Saturday, March 14, 2015

31 - Love My Family Pt 2

I have had those moments lately where I've been whining about the absence of support in my life.  Yes, I know that I have friends that check in with me every so often (and RA often calls me for a few min every day), but sometimes I feel I get lost in the shuffle.  I know that those things that are deep in me, those things that keep me awake at night are not the things I share.  I don't what to make it all about me, so I keep silent and I let it be all about them.  Sometimes, I'll open that "Pandora's Box" a crack, but not for long and not for much. 

So, what I have decided to do is ... something completely opposite, something by my choice - I am going to talk to my nephew and niece separately once a week, as long as they want, and make it all about them.  It's odd when that happens - I come away from the conversation feeling stronger and able to take hold of my own problems.  And, my own problems really are much less than what these two (and my brother) are burdened with right now.  I talk to my brother a lot - a good 3-4 hrs a week, often at one time, but I realized that though I always asked about them, they didn't know it.  And, they didn't know how much I love them and care about them.  I know, for me, time spent with a person is important to me, spend time with me and I 'read' it that you care about me  - so, since I really don't know them really well, we'll start here and go from there.  In this way, I also feel like I have a family.

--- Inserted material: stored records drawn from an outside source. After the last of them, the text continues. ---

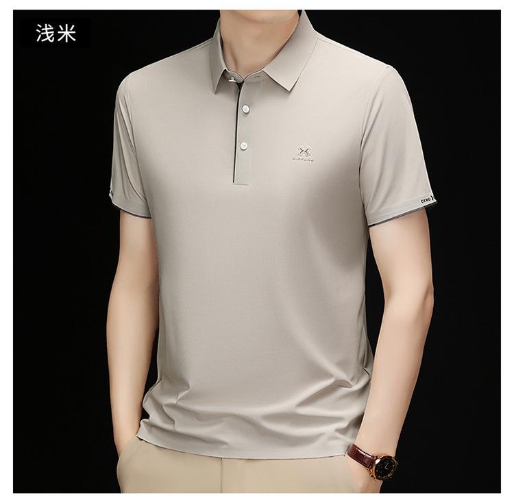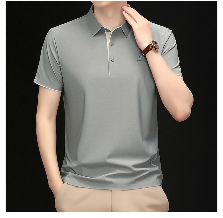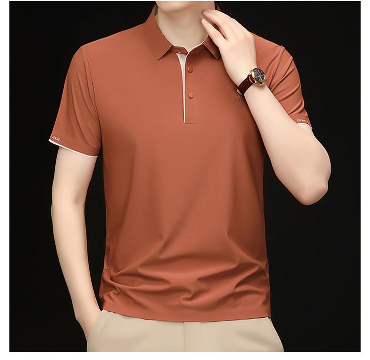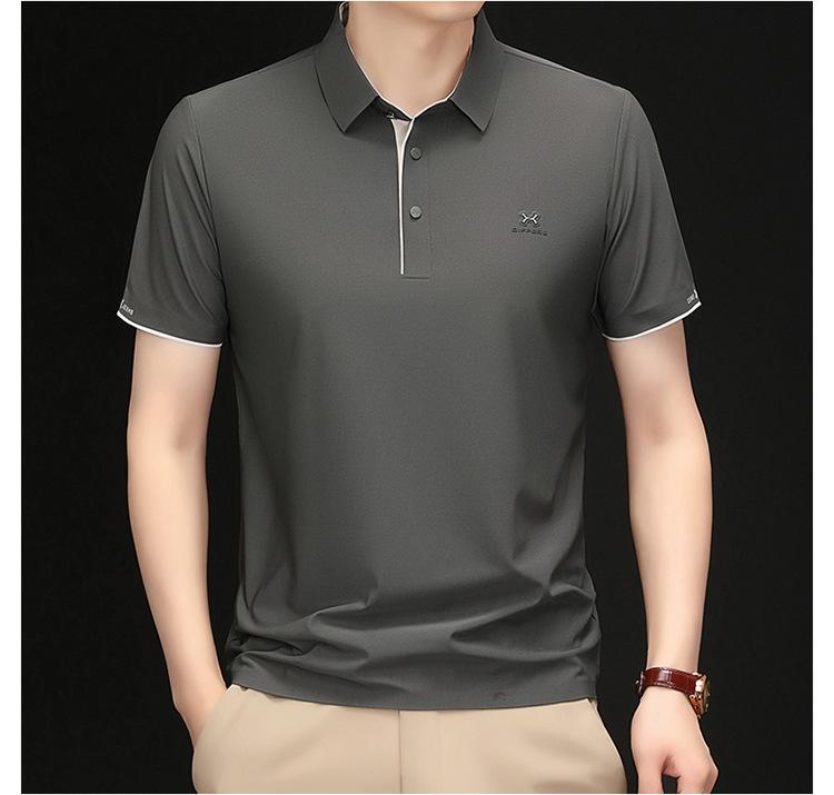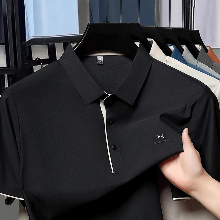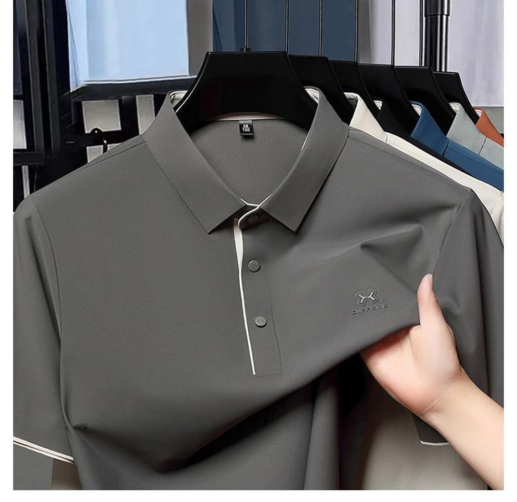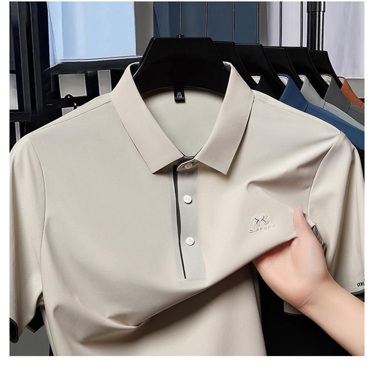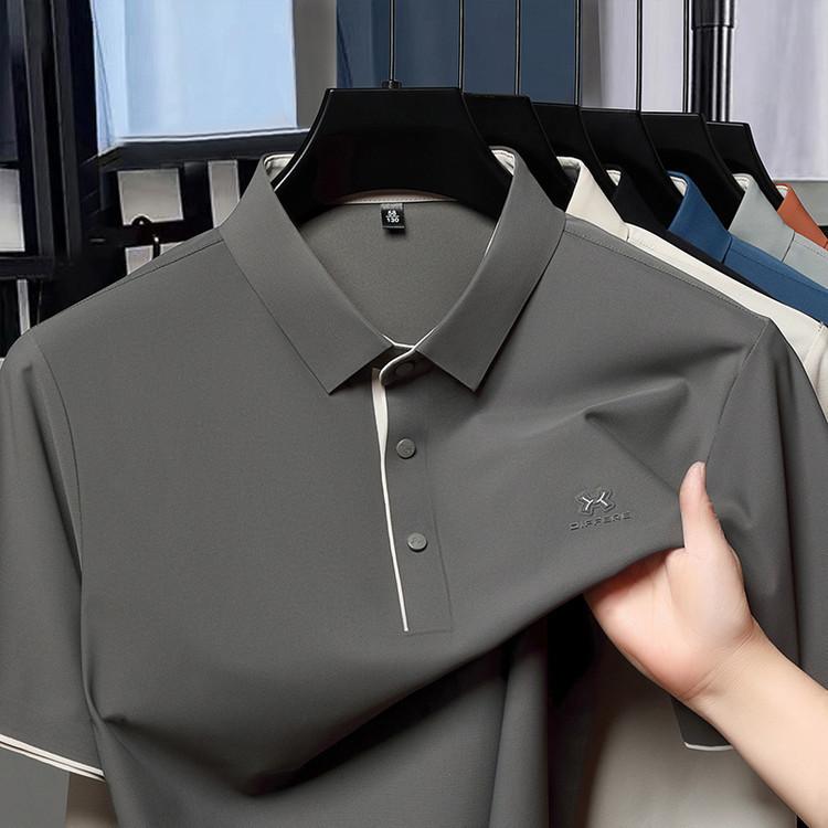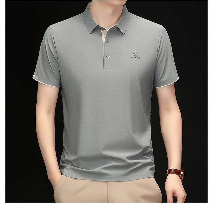 Playera Polo de Manga Corta de Seda de Hielo Sin Costuras de Gama Alta para Hombre 2025 Verano Nueva Casual Diaria Sencilla Transpirable Top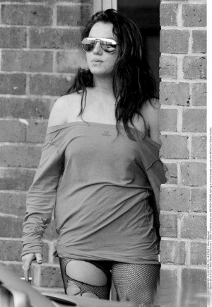 小甜甜布蘭妮9日參加舞蹈排練,一點都不在乎形象,不但穿著帶破洞的漁網絲襪,露肩裝也過于暴露。
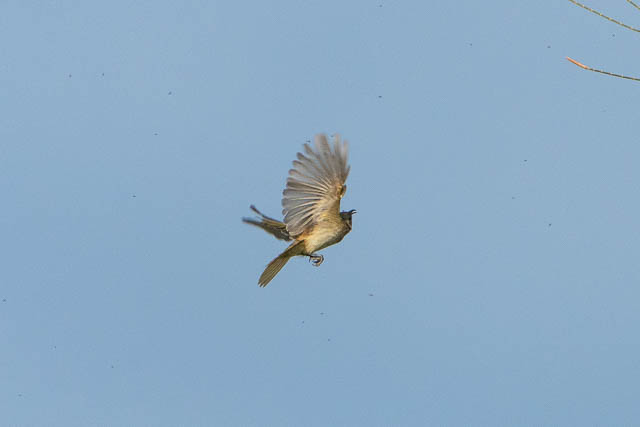 Some of the Brown Honeyeaters were flying around rapidly after insects –
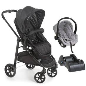 Carrinho Olympus Black com Bebê Conforto Cocoon Cinza e Base
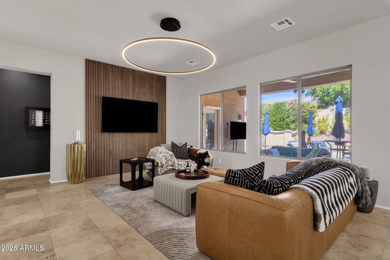 Exterior highlights include a private courtyard entry, extended driveway, and 2-car garage. The backyard is designed for outdoor enjoyment with a covered patio, private pool with water feature spilling over into a grotto, therapeutic hot tub, and low-maintenance desert landscaping with mature trees for added privacy. Owner spent over $15,000 on landscaping. Positioned in a North Scottsdale location with convenient access to outdoor recreation, golf, dining, and retail: 0.8 mi to Pinnacle Peak Park (hiking trails), 1.4 mi to The Summit at Scottsdale (Target, restaurants, retail), 2.0 mi to Grayhawk Golf Club, 2.2 mi to Scottsdale Rd dining and shopping corridor, 3.3 mi to Loop 101 freeway access, 6.4 mi to Kierland Commons, and 6.6 mi to Scottsdale Quarter. Enjoy a seamless blend of comfort, privacy, and location in one of North Scottsdale's most desirable areas!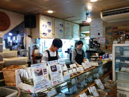 コーヒーモルディブ下北沢店では1人の生徒がカウンターで接客をしていました。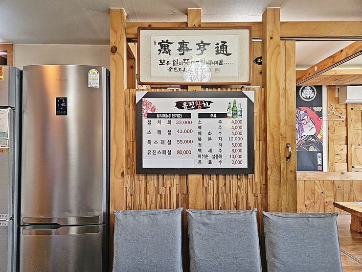 메뉴. 참치는 어느 부위가 나오는 지에 따라 가격이 달라진다. 33,000원부터 80,000원까지 가격이 형성 되어 있다. 요새 참치는 기본이 50,000원부터 시작하는 곳이 많은데 참으로 합리적인 가격이 아닐 수 없다. 또한 소주와 맥주가 4,000원이라는 아름다운 가격을 자랑한다. 요새 강남에 가면 6,000원인 곳도 있는데 이런 가격을 보면 술을 마시지 않을 수 없지. 우리는 특스페셜을 주문했다.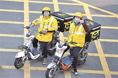 3月10日,武漢市洪山區(qū)洪山體育館外,兩位外賣小哥在這里等待取貨的客戶。本報(bào)武漢一線報(bào)道組記者 季春紅攝/光明圖片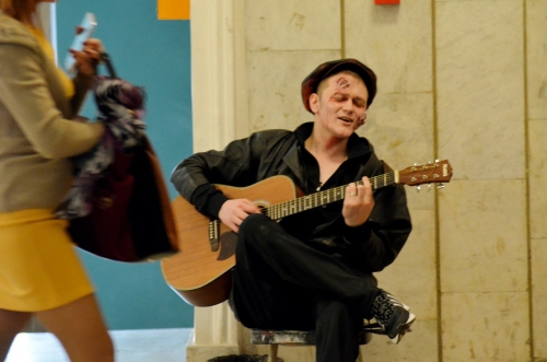 Перед началом комедии зрителей смоленской драмы встречали обаятельные герои спектакля: один играл на гитаре, другой «завис» в гардеробе, третьи раздавали программки и просто веселили публику.

What does this do about my "Pandora's Box" of emotions?  I'm not sure ... all that is still there.  I guess that will be for another entry.  But, for here, the phone calls to my niece, my nephew and my brother, and letting them talk about their burdens, and not including and inserting my issues, does help me in a way with mine. 

Gratitude Moments for Today 
1/ Today, I'm grateful for spending time with my nephew.  He really is an amazing kid ... and we even talked about the Charlie Hedbow incident!  I joked once about this, because it's a huge thing with so many layers, and that it really isn't something to talk about with young people - and yet, when I brought up the incident, my nephew knew of the attack! We didn't talk much, but a bit.  How many Grade 8 students do you know that can talk about that??  This will be good practice for me to learn to ask questions that open the door to discussion, that encourages him to talk.
2/ Today, I'm grateful that TK called me to talk.  I know she is going through a bit of a challenging time, out of her comfort zone, and I'm grateful that she calls me to vent her burden. I'm honoured that she trusts me that much.
3/ Today, I'm grateful that I could be home for these phone calls.  I was going to go out to a friend's but was so exhausted and chose to stay home.  And I'm grateful that I did.
4/ Today, I'm grateful for the beautiful weather that continues!  This is so abnormal for this time of the year, and the snow is returning (and so, probably, is the complaining!), so I appreciate it and enjoy it while I can!
5/ Today, I'm grateful for the opportunity that is before me.  Not sure what to do with it yet, but I do recognize it as an opportunity, a gift.